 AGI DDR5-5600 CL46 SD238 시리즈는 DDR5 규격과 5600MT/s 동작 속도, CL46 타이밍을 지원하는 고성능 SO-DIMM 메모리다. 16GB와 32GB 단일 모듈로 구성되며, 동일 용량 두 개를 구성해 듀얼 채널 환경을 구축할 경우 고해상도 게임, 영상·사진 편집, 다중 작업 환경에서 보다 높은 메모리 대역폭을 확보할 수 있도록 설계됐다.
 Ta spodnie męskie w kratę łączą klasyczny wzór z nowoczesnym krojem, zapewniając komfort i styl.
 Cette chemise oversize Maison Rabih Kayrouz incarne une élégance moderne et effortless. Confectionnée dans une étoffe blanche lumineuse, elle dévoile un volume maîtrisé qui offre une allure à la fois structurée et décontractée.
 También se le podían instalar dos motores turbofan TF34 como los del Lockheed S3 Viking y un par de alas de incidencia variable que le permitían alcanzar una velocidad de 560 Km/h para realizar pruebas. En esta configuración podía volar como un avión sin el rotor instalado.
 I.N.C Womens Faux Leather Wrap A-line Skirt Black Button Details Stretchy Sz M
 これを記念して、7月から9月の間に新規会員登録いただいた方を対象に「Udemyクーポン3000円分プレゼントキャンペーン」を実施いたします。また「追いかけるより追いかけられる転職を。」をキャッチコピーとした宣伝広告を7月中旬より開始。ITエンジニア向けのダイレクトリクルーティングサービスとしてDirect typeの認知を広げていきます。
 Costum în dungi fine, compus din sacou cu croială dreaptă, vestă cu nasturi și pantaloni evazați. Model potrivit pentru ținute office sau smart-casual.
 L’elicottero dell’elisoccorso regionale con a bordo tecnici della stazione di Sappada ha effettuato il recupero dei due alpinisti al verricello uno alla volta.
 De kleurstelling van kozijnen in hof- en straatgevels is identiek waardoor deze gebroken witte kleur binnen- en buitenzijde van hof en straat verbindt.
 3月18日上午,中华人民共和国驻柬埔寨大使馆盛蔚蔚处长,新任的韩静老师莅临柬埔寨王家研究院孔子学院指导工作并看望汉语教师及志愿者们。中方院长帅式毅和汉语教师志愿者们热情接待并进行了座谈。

========================

What is needed is the data above, output in full and exactly as it stands.

 AGI DDR5-5600 CL46 SD238 시리즈는 DDR5 규격과 5600MT/s 동작 속도, CL46 타이밍을 지원하는 고성능 SO-DIMM 메모리다. 16GB와 32GB 단일 모듈로 구성되며, 동일 용량 두 개를 구성해 듀얼 채널 환경을 구축할 경우 고해상도 게임, 영상·사진 편집, 다중 작업 환경에서 보다 높은 메모리 대역폭을 확보할 수 있도록 설계됐다.
 Ta spodnie męskie w kratę łączą klasyczny wzór z nowoczesnym krojem, zapewniając komfort i styl.
 Cette chemise oversize Maison Rabih Kayrouz incarne une élégance moderne et effortless. Confectionnée dans une étoffe blanche lumineuse, elle dévoile un volume maîtrisé qui offre une allure à la fois structurée et décontractée.
 También se le podían instalar dos motores turbofan TF34 como los del Lockheed S3 Viking y un par de alas de incidencia variable que le permitían alcanzar una velocidad de 560 Km/h para realizar pruebas. En esta configuración podía volar como un avión sin el rotor instalado.
 I.N.C Womens Faux Leather Wrap A-line Skirt Black Button Details Stretchy Sz M
 これを記念して、7月から9月の間に新規会員登録いただいた方を対象に「Udemyクーポン3000円分プレゼントキャンペーン」を実施いたします。また「追いかけるより追いかけられる転職を。」をキャッチコピーとした宣伝広告を7月中旬より開始。ITエンジニア向けのダイレクトリクルーティングサービスとしてDirect typeの認知を広げていきます。
 Costum în dungi fine, compus din sacou cu croială dreaptă, vestă cu nasturi și pantaloni evazați. Model potrivit pentru ținute office sau smart-casual.
 L’elicottero dell’elisoccorso regionale con a bordo tecnici della stazione di Sappada ha effettuato il recupero dei due alpinisti al verricello uno alla volta.
 De kleurstelling van kozijnen in hof- en straatgevels is identiek waardoor deze gebroken witte kleur binnen- en buitenzijde van hof en straat verbindt.
 3月18日上午,中华人民共和国驻柬埔寨大使馆盛蔚蔚处长,新任的韩静老师莅临柬埔寨王家研究院孔子学院指导工作并看望汉语教师及志愿者们。中方院长帅式毅和汉语教师志愿者们热情接待并进行了座谈。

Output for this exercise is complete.